Why charities and not-for-profits should comply with PIPEDA

  • January 16, 2019
  • Esther Shainblum

There is a growing global emphasis on and regulation of privacy, as well as increasing stakeholder awareness and expectation with respect to how organizations handle their personal information. For example, the General Data Protection Regulation1, which harmonizes data protection and privacy laws across all European Union jurisdiction, was implemented across the EU on May 25, 2018. Further, on Sept. 30, 2018, the negotiations were completed for the US-Mexico-Canada Agreement2, which contains significant provisions on the transfer of personal information and data localization.3

As well, in May 2018, the Office of the Privacy Commissioner of Canada published two guidances for organizations subject to the Personal Information Protection and Electronic Documents Act, Canada’s federal private sector privacy legislation – one regarding the concept of meaningful consent4 (which was to come into effect on Jan. 1, 2019) and one on inappropriate data practices5 (which came into effect on July 1, 2018). And on Nov. 1, 2018, the new data breach reporting and record-keeping regime under PIPEDA came into force.
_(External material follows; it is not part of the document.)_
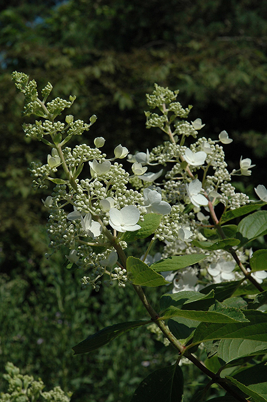 Hardiness Zone: 4a Description: A showy garden shrub valued for its cone-shaped panicles of elegant white flowers which appear in mid-summer, blooms well in shade; somewhat coarse in appearance, regular pruning recommended; needs slightly acidic well-drained soil Ornamental Features White Tiara Hydrangea features bold conical white flowers at the ends of the branches from mid summer to late fall. The flowers are excellent for cutting. It has green deciduous foliage. The pointy leaves do not develop any appreciable fall color. Landscape Attributes White Tiara Hydrangea is a multi-stemmed deciduous shrub with an upright spreading habit of growth. Its relatively coarse texture can be used to stand it apart from other landscape plants with finer foliage. This shrub will require occasional maintenance and upkeep, and is best pruned in late winter once the threat of extreme cold has passed. It has no significant negative characteristics. White Tiara Hydrangea is recommended for the following landscape applications; Planting & Growing White Tiara Hydrangea will grow to be about 15 feet tall at maturity, with a spread of 10 feet. It tends to be a little leggy, with a typical clearance of 1 foot from the ground, and is suitable for planting under power lines. It grows at a medium rate, and under ideal conditions can be expected to live for 40 years or more. This shrub performs well in both full sun and full shade. It prefers to grow in average to moist conditions, and shouldn't be allowed to dry out. It is not particular as to soil type or pH. It is highly tolerant of urban pollution and will even thrive in inner city environments. Consider applying a thick mulch around the root zone in winter to protect it in exposed locations or colder microclimates. This is a selected variety of a species not originally from North America.

In light of these changes, many charities and not-for-profits have asked whether, and how, PIPEDA affects them. As such, this bulletin provides a brief discussion on the intersection between PIPEDA and these groups, and recommends that they bring their policies and procedures into compliance with PIPEDA’s breach reporting and record-keeping rules, even in circumstances where compliance may be voluntary.

Does PIPEDA apply?

PIPEDA applies to any organization that collects, uses, or discloses personal information in the course of commercial activities.6 While PIPEDA clearly applies to commercial entities, it is important to understand that the nature of the organization is not determinative of whether PIPEDA applies. Rather, it is the nature of the specific activity undertaken by the organization that may attract the requirements of PIPEDA. That is, if a particular activity is determined to be a “commercial activity,” then even charities and not-for-profits could be caught within its scope. The term “commercial activities” is defined in section 2 of the Act:

… any particular transaction, act or conduct or any regular course of conduct that is of a commercial character, including the selling, bartering or leasing of donor, membership or other fundraising lists.7

The Office of the Privacy Commissioner itself has stated that “[w]hether or not an organization operates on a non-profit basis is not conclusive in determining the application of the Act.”8

Charities and not-for-profits are not automatically exempt from PIPEDA. The fact that an organization is non-profit for purposes of taxation does not determine whether its collection, use or disclosure of personal information is carried out in the course of commercial activity.9 Whether an organization can be said to collect, use or disclose personal information in the course of a commercial activity will vary depending on the facts of each case.10 

In one case, the OPC found that a non-profit daycare organization was caught by PIPEDA because payment for child-care services was seen as a commercial activity.11 In another case, the non-profit Law School Admission Council, which administers law school entrance exams, was found to be engaged in commercial activity. The OPC stated that the organization’s status as a non-profit, non-stock, membership-based organization was not determinative and that there is no exemption for non-profit or member-oriented organizations.12

Therefore, the answer to the question of whether PIPEDA applies to charities and not-for-profits in Canada is “maybe.”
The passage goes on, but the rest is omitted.